Sunday Summary – August 2, 2015

Here’s the week on streets.mn to read before you play in the summer sun:

Happening now

Stop for Pedestrians. We Mean It This Time highlights Saint Paul’s Pedestrian Safety Awareness Week which begins today. Saint Paul Police (and District Councils, too) will be spending the week doing intensive education and enforcement about crosswalk laws.

People crossing a street on foot holding a banner that says Stop for pedestrians at every corner.
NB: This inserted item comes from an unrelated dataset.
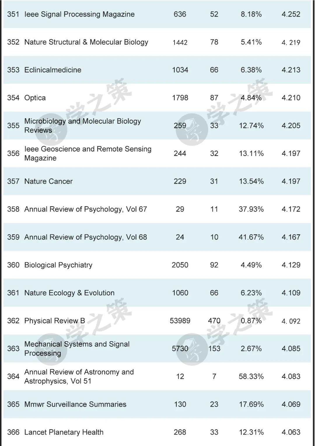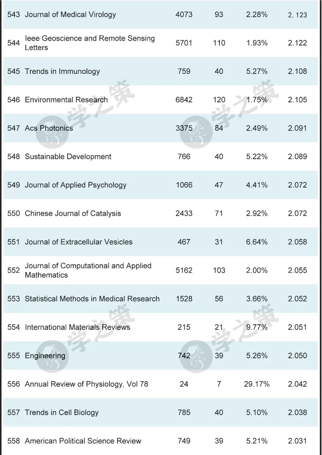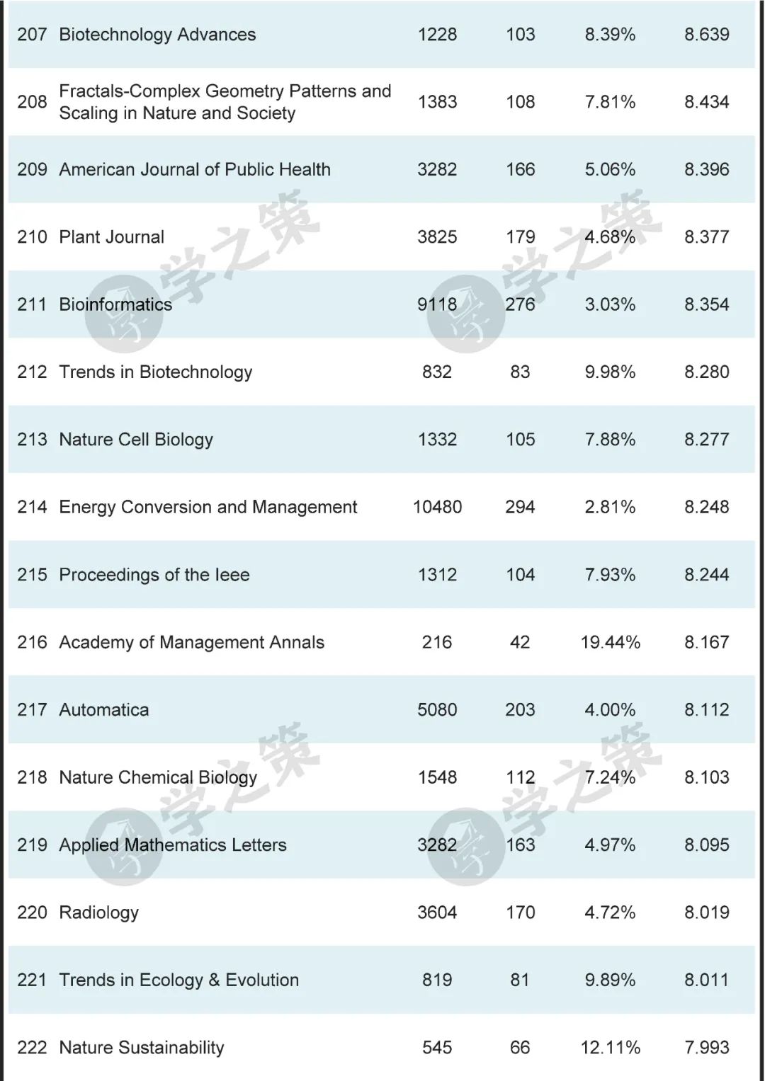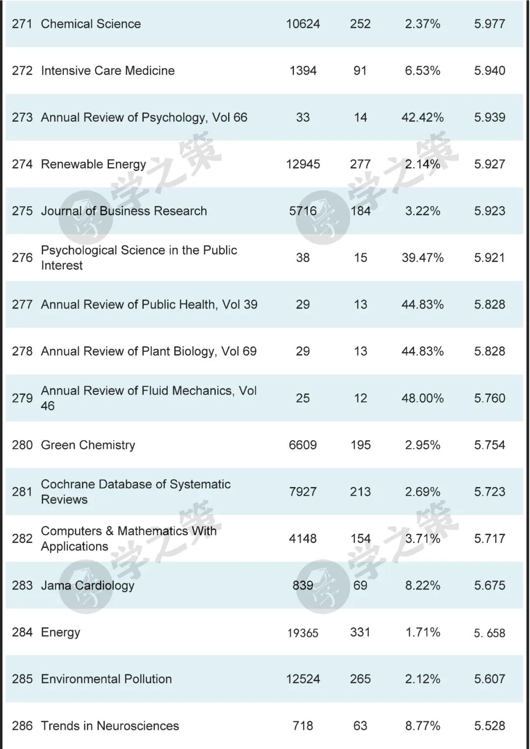 数十本Nature子刊基本都在前100之列。

Highland District Council pedestrian safety awareness crosswalk event, August 2014

More on bikes and pedestrians

Before turning to the comment-provoking posts, Create a Personal Walking/Biking/Rolling Wishlist is pretty perfect for thinking about on a summer day. Janelle Nivens who previously took us on some long walks around the Twin Cities, suggests ways to get off our personal beaten paths to take new walks and different rides. You’re invited to chat with Janelle in the comments about your ideas for great walks and rides.
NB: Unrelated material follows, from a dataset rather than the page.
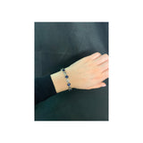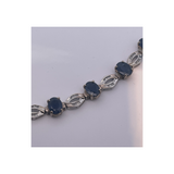 A white gold link bracelet, adorned with 10 oval sapphires and 88 square and triangle-cut diamonds.
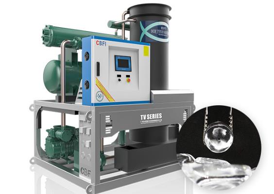 5噸管冰機采用水冷方式,適合大產(chǎn)量需求,如日產(chǎn)量可達5噸。水冷系統(tǒng)因其高效散熱,在高溫環(huán)境下比風(fēng)冷更為有效,耗電量相對較低,每噸冰耗電約70KWH。

Hit By a Car (again) in Downtown St. Paul, or Why We Need the Bike Plan is a first person narrative of (very experienced rider) Dana DeMaster’s choices to try to ride as safely as possible from work, to camp pick-up, errands and home knowing no route was great – construction, no bike lanes – and the collision which happened. This post is also a call to action to implement the Saint Paul Bike Plan to help anyone “decide it is easier to bike the three miles to the grocery store or the park.” Because the driver was making a right turn on red (RTOR) when he hit Ms. DeMaster and she had chosen to ride on the sidewalk, commenters debate RTOR, riding on sidewalks, construction issues, and enforcement of crosswalk (and other) regulations.  One of the commenters defending RTOR is Monte Castleman who wrote:

The Right Turn on Red and some Free Ideas which continues the series about traffic signals by considering the crash data for RTOR (few crashes), engineering considerations, possible changes (like red light cameras, for instance) plus personal opinion.  Commenters on this post bring up issues of perceived safety and near misses in addition to crash data, as well as difficulties of engineering highway entrance/exit ramps to integrate smoothly with city streets.
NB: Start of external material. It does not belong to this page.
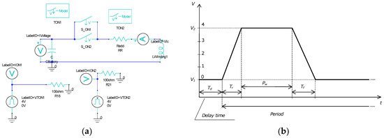 The external circuit was built in the Ansys_Maxwell_Circuit_Editor subprogram (Figure 7a). After opening this sub-program the coil symbol appears as the first object, which represents the coil of the main program Maxwell. By including further elements we can create an outer circumference of the coil, which is then exported to the main model in Maxwell program. This circuit employs two parallel switches that are controlled by a periodic signal (Figure 7b). The parameters of the signal, i.e., the rise time Tr and fall time Tf and the resistance value Roff and Ron of the switch in the off and on state in the block model (Figure 7a), one can set in such a way that operation of these connectors will be similar to the actual valve, such as a thyristor or a transistor. In the present study, very short times (1 × 10−15 s) were adopted for Tr and Tf, that is, it is assumed that both valves have similar, almost perfect dynamic properties. The on-time Td of the first connector is set to zero, while the second connector on-time was adjusted depending on with what delay we want the capacitor to return the next portion of energy.
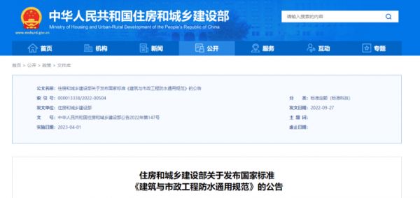 自2023年4月1日起,住建部发布的《建筑与市政工程防水通用规范》将开始正式实施。本规范为强制性工程建设规范,全部条文必须严格执行,同时废止了一大批现行工程建设标准相关强制性条文。从规范看,防水新规提升了防水年限、重新定义了防水等级、提高了防水材料耐久性能要求、增加了防水道数、规定了材料最小厚度,以此全面提升防水工程质量;具体看,与现行防水标准要求保修期5年相比,新规大幅提高防水设计年限,如屋面工程一律提升为不低于20年、室内工程不低于25年、地下工程不低于工程结构设计工作年限。

Why Are Bicycle Sales Declining (for the 14th year)? suggests the problem is bike shops marketing recreational or racing bikes, lycra shorts and quite a bit of intimidation, rather than helping connect people with basic transportation. The comments are a rich source of information about city bikes, box bikes, great customer service and where to find them in the Twin Cities.

IMG_2930

Other ideas this week

Bad Idea of the Day: Minneapolis-Saint Paul Should Bid for the Olympics riffs on Boston’s refusal to sign on the dotted line to guarantee that city taxpayers would foot the bill for cost overruns for hosting the 2024 Summer Olympics by suggesting the Twin Cities, with its impressive roster of athletic facilities, could step up to the starting line, but since “to host the Olympics, you pretty much have to be an autocratic nation, or profoundly unwise with your money” (as the choice of Beijing to host the 2022 Winter Olympics despite not having any snow would seem to support) concludes we’d be better off not.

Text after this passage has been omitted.